DATA EXCERPTS>

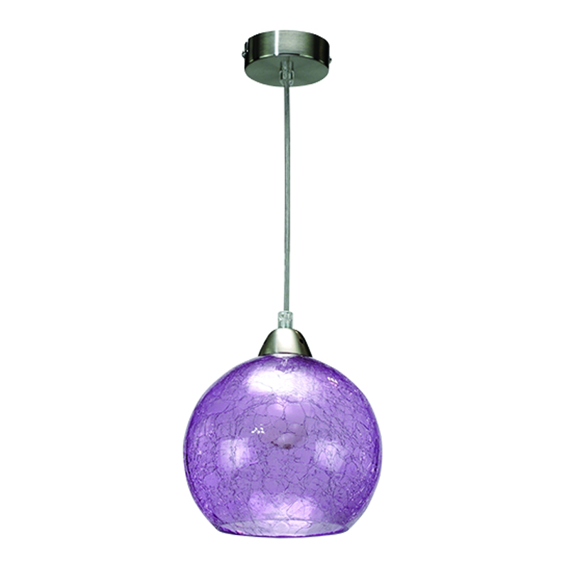 Πρόκειται για ένα κρεμαστό φωτιστικό αποτελούμενο από μοβ κρακελέ γυαλί και νίκελ ματ ανάρτηση. Το γυαλί είναι ανοιχτό στο κάτω μέρος του και το συνολικό του ύψος ρυθμίζεται στον κάθε χώρο.
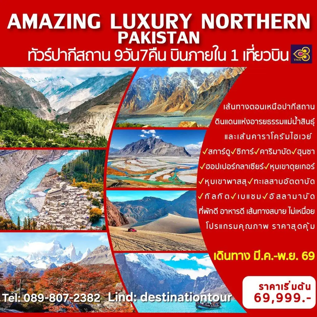 บริษัท ดรีม ดิซติเนชั่น ทัวร์ แอนด์ ทราเวล จำกัด ให้บริการ ทัวร์ปากีสถาน จัดนำเที่ยวปากีสถาน ราคาถูก ปากีสถานเป็นประเทศที่มีการผสมผสานระหว่างวัฒนธรรมที่หลากหลาย ธรรมชาติที่งดงาม หลากหลายทางภูมิศาสตร์ เทือกเขาที่สูงตระหง่าน ไปจนถึงหุบเขาและทะเลทราย ประวัติศาสตร์และวัฒนธรรมที่ลึกซึ้ง รวมถึงแหล่งท่องเที่ยวที่มีชื่อเสียง เราเชื่อว่าการเดินทางไม่ใช่แค่การเคลื่อนที่จากที่หนึ่งไปยังอีกที่หนึ่ง แต่เป็นการสร้างประสบการณ์ใหม่ๆ ที่ทำให้คุณเติบโต เปิดมุมมองใหม่ๆ และทำให้ชีวิตมีความหมายมากยิ่งขึ้น…
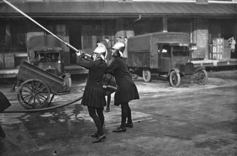 Женщины из женской пожарной команды «Ахиллес Серре» в Лондоне позируют с инвентарём
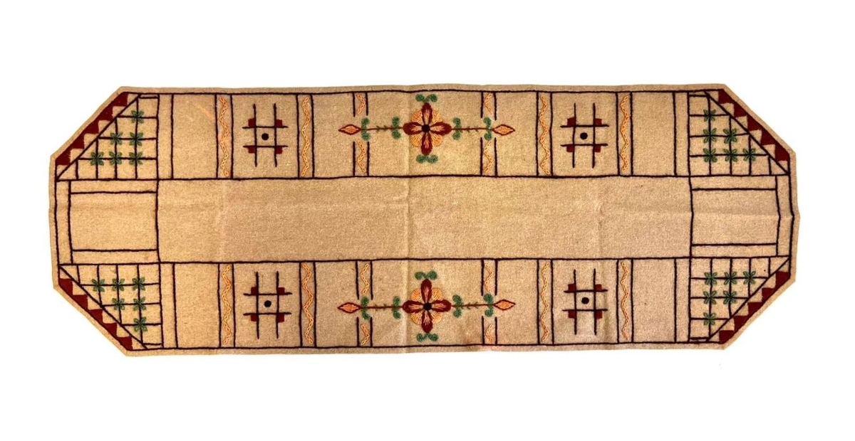 Ljós aflangur dúkur með brúnum útsaum og smáum blómamyndum. Guðrún Kristjánsdóttir gerði og gaf Hólmfríði Magnúsdóttur.
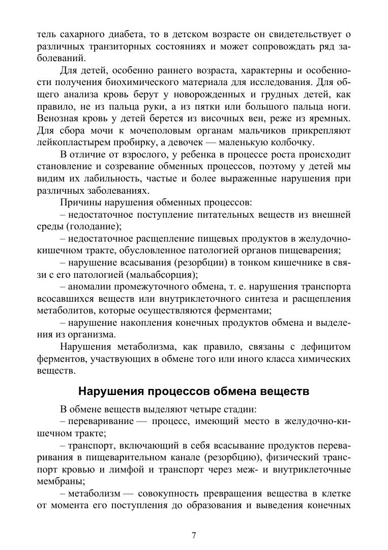 В пособии рассматриваются биохимические особенности метаболизма у детей разных возрастных групп. Также приведены варианты патологии обмена веществ у детей. Для проверки усвоения материал в конце пособия приведены тестовые задания. Настоящее пособие составлено в соответствии с требованиями ФГОС3+, рекомендациями ведущих вузов страны и рабочей программой по биохимии по специальности «Педиатрия».
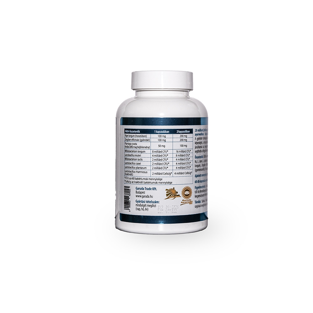 Composition: probiotic strains [B. longum, L. reuteri, B. lactis, L. casei, L. plantarum, L. rhamnosus (inactivated)], Piper longum (long pepper), Zingiber officinale (ginger), HPMC cellulose capsule shell (stomach acid resistant), Plantago ovata (Psyllium husk).
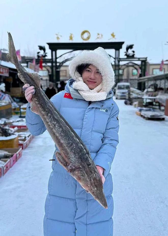 黄菲在抚远东极见识到了当地的特产鲟鳇鱼
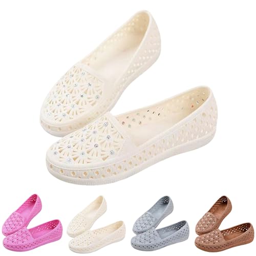 Womens Jelly Ballet Shoes Size 6 UK Clearance Rubber Closed Toe Flats Sandals Slip on Hollow Out Loafers Waterproof Shoes White Footwear Gifts
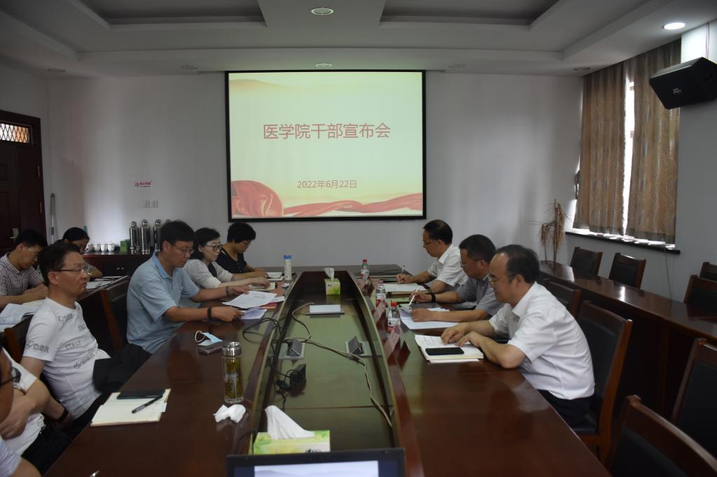 6月22日,学院中层领导干部任命会在行政楼219会议室举行。校党委副书记沈赤、副校长黄坚,校党委委员、党委组织部部长宣绍龙出席会议,学院党政领导班子成员、各职能科室主要负责人参加会议。会议由黄坚副校长主持。
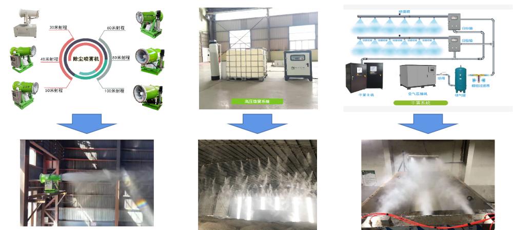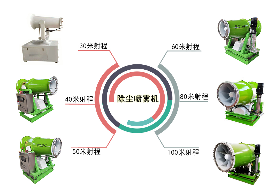 風(fēng)送式除塵噴霧機是一種經(jīng)過(guò)特殊設計,能夠實(shí)現將均勻連續混合物(水、空氣、添加劑)噴射超遠距離的專(zhuān)利產(chǎn)品,成霧水滴尺寸均可控,噴射有指向性。
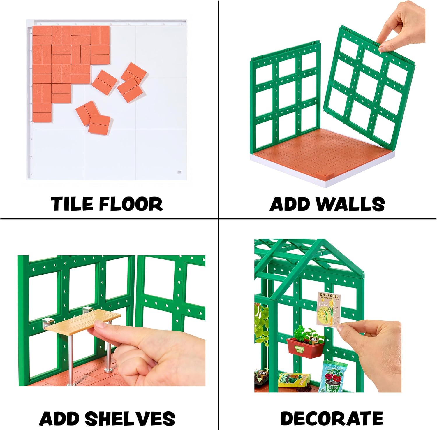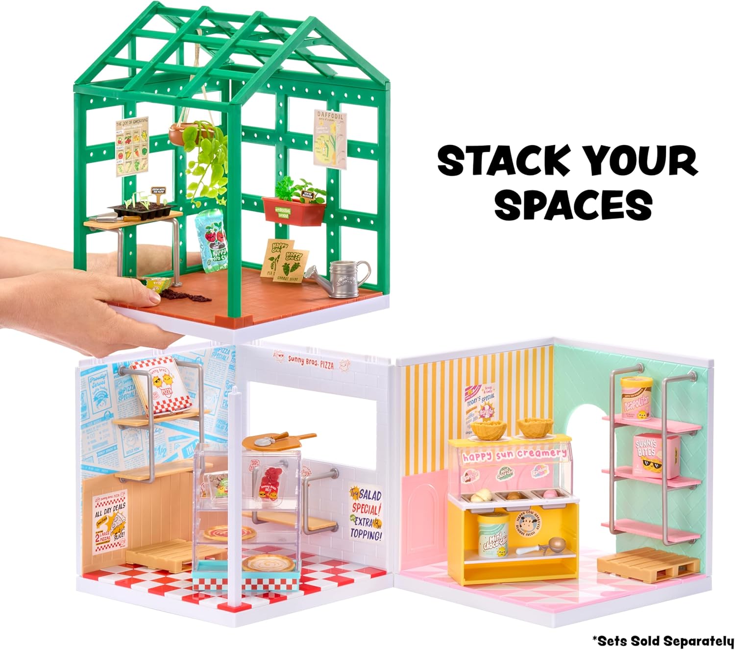Bring your Miniverse outdoors with Make It Mini Spaces Greenhouse. each Greenhouse pack includes all you need to craft your space – two wall panels, a tiled floor panel, roofing, a mini table, and a bundle of tiny plants & materials to decorate & style your scene. You can also see other upcoming MGA’s Miniverse Make It Mini new Spaces playsets coming soon on the stock images, including spa and pet shop.
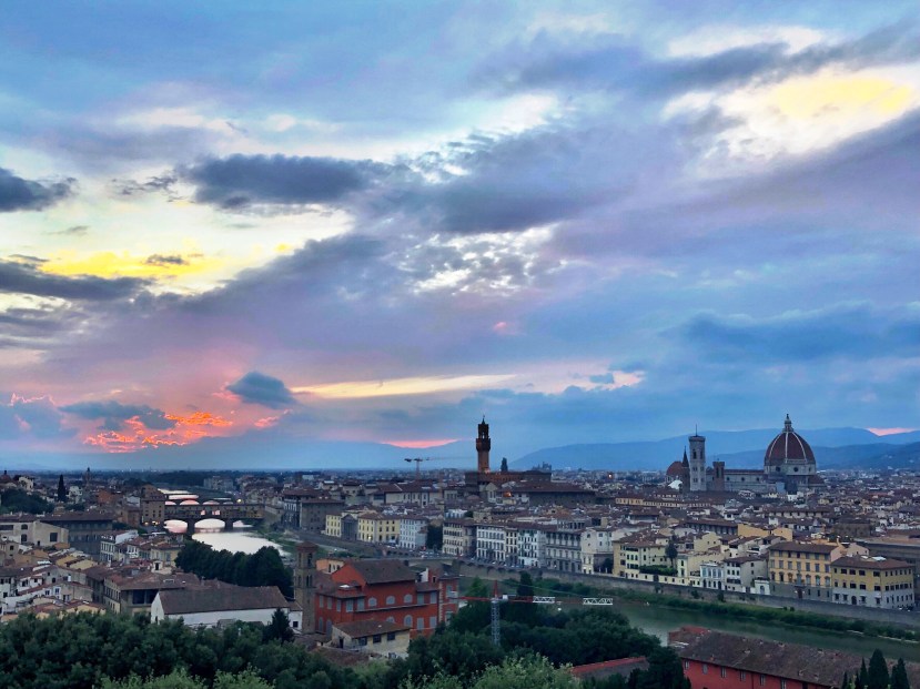 Ok, I didn’t mean to sidetrack into a history lesson, back to La Dolce Vita in Florence. The Michelangelo piazza that sits on the hillside on the other side of the Arno river from the famous Duomo and museums is ideal to sit and relax with a bottle of wine and watch the sunset. Hundreds head up the hill to watch the sunset every evening, so you’ll have a crowd joining you but it’s still worth it. After the aperitifs of course. Another form italians have found to linger over drinks and a meal. A lot of restaurants and bars offer a full buffet of food with your drink during the aperitif hours before dinner. To be honest I’m still not sure how Italian meal times work, nor can I understand how you can possibly be ready for dinner after a buffet and drinks. The evening out with family and friends is meant to take all evening though, I suppose that explains it. Drawn out eating, drinking, & enjoying the company you’re with. How very Italian.

WHAT THE TASK ASKS> Each line above should be set down exactly as written, with pictures excluded.

SOLVED PROBLEM>
 Πρόκειται για ένα κρεμαστό φωτιστικό αποτελούμενο από μοβ κρακελέ γυαλί και νίκελ ματ ανάρτηση. Το γυαλί είναι ανοιχτό στο κάτω μέρος του και το συνολικό του ύψος ρυθμίζεται στον κάθε χώρο.
 บริษัท ดรีม ดิซติเนชั่น ทัวร์ แอนด์ ทราเวล จำกัด ให้บริการ ทัวร์ปากีสถาน จัดนำเที่ยวปากีสถาน ราคาถูก ปากีสถานเป็นประเทศที่มีการผสมผสานระหว่างวัฒนธรรมที่หลากหลาย ธรรมชาติที่งดงาม หลากหลายทางภูมิศาสตร์ เทือกเขาที่สูงตระหง่าน ไปจนถึงหุบเขาและทะเลทราย ประวัติศาสตร์และวัฒนธรรมที่ลึกซึ้ง รวมถึงแหล่งท่องเที่ยวที่มีชื่อเสียง เราเชื่อว่าการเดินทางไม่ใช่แค่การเคลื่อนที่จากที่หนึ่งไปยังอีกที่หนึ่ง แต่เป็นการสร้างประสบการณ์ใหม่ๆ ที่ทำให้คุณเติบโต เปิดมุมมองใหม่ๆ และทำให้ชีวิตมีความหมายมากยิ่งขึ้น…
 Женщины из женской пожарной команды «Ахиллес Серре» в Лондоне позируют с инвентарём
 Ljós aflangur dúkur með brúnum útsaum og smáum blómamyndum. Guðrún Kristjánsdóttir gerði og gaf Hólmfríði Magnúsdóttur.
 В пособии рассматриваются биохимические особенности метаболизма у детей разных возрастных групп. Также приведены варианты патологии обмена веществ у детей. Для проверки усвоения материал в конце пособия приведены тестовые задания. Настоящее пособие составлено в соответствии с требованиями ФГОС3+, рекомендациями ведущих вузов страны и рабочей программой по биохимии по специальности «Педиатрия».
 Composition: probiotic strains [B. longum, L. reuteri, B. lactis, L. casei, L. plantarum, L. rhamnosus (inactivated)], Piper longum (long pepper), Zingiber officinale (ginger), HPMC cellulose capsule shell (stomach acid resistant), Plantago ovata (Psyllium husk).
 黄菲在抚远东极见识到了当地的特产鲟鳇鱼
 Womens Jelly Ballet Shoes Size 6 UK Clearance Rubber Closed Toe Flats Sandals Slip on Hollow Out Loafers Waterproof Shoes White Footwear Gifts
 6月22日,学院中层领导干部任命会在行政楼219会议室举行。校党委副书记沈赤、副校长黄坚,校党委委员、党委组织部部长宣绍龙出席会议,学院党政领导班子成员、各职能科室主要负责人参加会议。会议由黄坚副校长主持。
 風(fēng)送式除塵噴霧機是一種經(jīng)過(guò)特殊設計,能夠實(shí)現將均勻連續混合物(水、空氣、添加劑)噴射超遠距離的專(zhuān)利產(chǎn)品,成霧水滴尺寸均可控,噴射有指向性。
Bring your Miniverse outdoors with Make It Mini Spaces Greenhouse. each Greenhouse pack includes all you need to craft your space – two wall panels, a tiled floor panel, roofing, a mini table, and a bundle of tiny plants & materials to decorate & style your scene. You can also see other upcoming MGA’s Miniverse Make It Mini new Spaces playsets coming soon on the stock images, including spa and pet shop.
 Ok, I didn’t mean to sidetrack into a history lesson, back to La Dolce Vita in Florence. The Michelangelo piazza that sits on the hillside on the other side of the Arno river from the famous Duomo and museums is ideal to sit and relax with a bottle of wine and watch the sunset. Hundreds head up the hill to watch the sunset every evening, so you’ll have a crowd joining you but it’s still worth it. After the aperitifs of course. Another form italians have found to linger over drinks and a meal. A lot of restaurants and bars offer a full buffet of food with your drink during the aperitif hours before dinner. To be honest I’m still not sure how Italian meal times work, nor can I understand how you can possibly be ready for dinner after a buffet and drinks. The evening out with family and friends is meant to take all evening though, I suppose that explains it. Drawn out eating, drinking, & enjoying the company you’re with. How very Italian.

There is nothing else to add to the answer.